__EXERCISE REQUIREMENTS__
Below are records to return verbatim; the pictures are to be dropped.

※

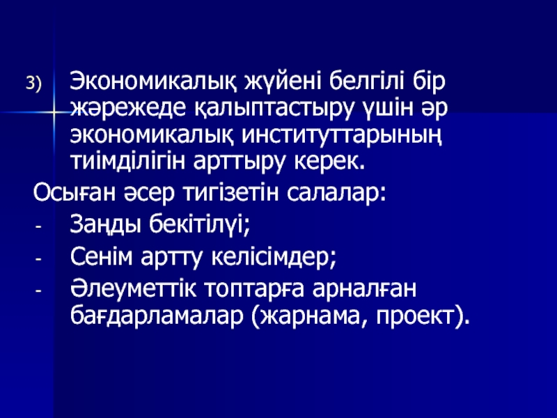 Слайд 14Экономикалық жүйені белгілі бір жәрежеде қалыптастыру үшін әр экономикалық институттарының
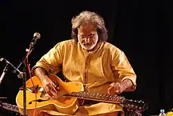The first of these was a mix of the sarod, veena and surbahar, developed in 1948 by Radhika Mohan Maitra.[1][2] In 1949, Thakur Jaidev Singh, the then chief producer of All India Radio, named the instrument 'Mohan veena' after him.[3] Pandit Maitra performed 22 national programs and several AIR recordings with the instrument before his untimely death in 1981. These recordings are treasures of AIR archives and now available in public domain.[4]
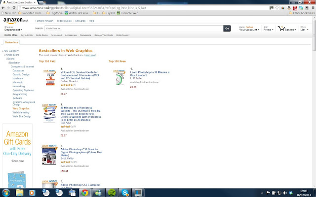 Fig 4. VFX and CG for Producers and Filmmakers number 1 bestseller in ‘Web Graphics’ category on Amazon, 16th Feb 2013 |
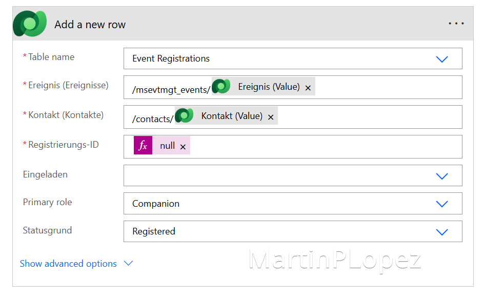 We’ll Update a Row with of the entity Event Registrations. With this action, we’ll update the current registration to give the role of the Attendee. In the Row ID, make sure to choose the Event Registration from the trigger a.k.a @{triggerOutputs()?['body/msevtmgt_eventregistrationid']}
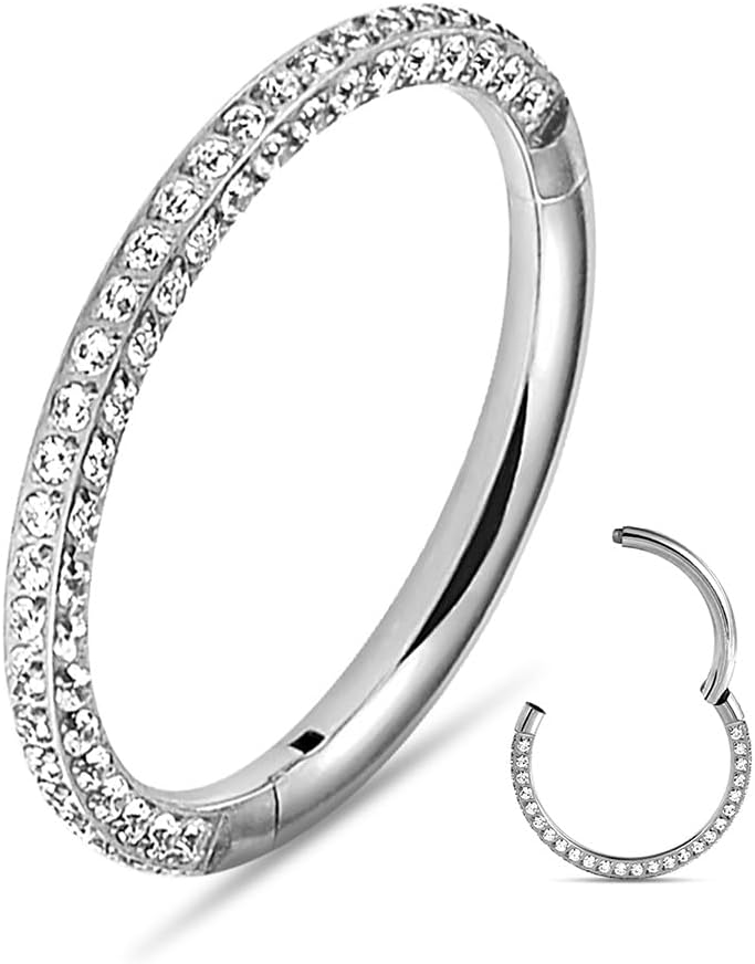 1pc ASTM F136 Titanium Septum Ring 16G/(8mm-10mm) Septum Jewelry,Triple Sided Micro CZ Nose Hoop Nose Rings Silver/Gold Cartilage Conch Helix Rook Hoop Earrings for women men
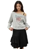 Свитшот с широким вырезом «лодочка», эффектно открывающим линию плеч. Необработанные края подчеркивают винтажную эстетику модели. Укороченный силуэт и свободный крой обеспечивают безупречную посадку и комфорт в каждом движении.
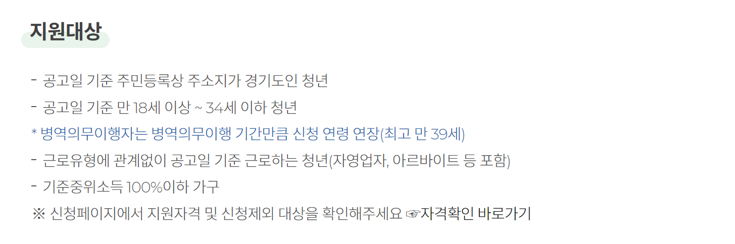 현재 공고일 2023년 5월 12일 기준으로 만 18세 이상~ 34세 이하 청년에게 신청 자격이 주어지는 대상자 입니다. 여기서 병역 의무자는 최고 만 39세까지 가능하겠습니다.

※

__SOLUTION FOR THIS PROBLEM__
 Слайд 14Экономикалық жүйені белгілі бір жәрежеде қалыптастыру үшін әр экономикалық институттарының
The first of these was a mix of the sarod, veena and surbahar, developed in 1948 by Radhika Mohan Maitra.[1][2] In 1949, Thakur Jaidev Singh, the then chief producer of All India Radio, named the instrument 'Mohan veena' after him.[3] Pandit Maitra performed 22 national programs and several AIR recordings with the instrument before his untimely death in 1981. These recordings are treasures of AIR archives and now available in public domain.[4]
 Fig 4. VFX and CG for Producers and Filmmakers number 1 bestseller in ‘Web Graphics’ category on Amazon, 16th Feb 2013 |
 We’ll Update a Row with of the entity Event Registrations. With this action, we’ll update the current registration to give the role of the Attendee. In the Row ID, make sure to choose the Event Registration from the trigger a.k.a @{triggerOutputs()?['body/msevtmgt_eventregistrationid']}
 1pc ASTM F136 Titanium Septum Ring 16G/(8mm-10mm) Septum Jewelry,Triple Sided Micro CZ Nose Hoop Nose Rings Silver/Gold Cartilage Conch Helix Rook Hoop Earrings for women men
 Свитшот с широким вырезом «лодочка», эффектно открывающим линию плеч. Необработанные края подчеркивают винтажную эстетику модели. Укороченный силуэт и свободный крой обеспечивают безупречную посадку и комфорт в каждом движении.
 현재 공고일 2023년 5월 12일 기준으로 만 18세 이상~ 34세 이하 청년에게 신청 자격이 주어지는 대상자 입니다. 여기서 병역 의무자는 최고 만 39세까지 가능하겠습니다.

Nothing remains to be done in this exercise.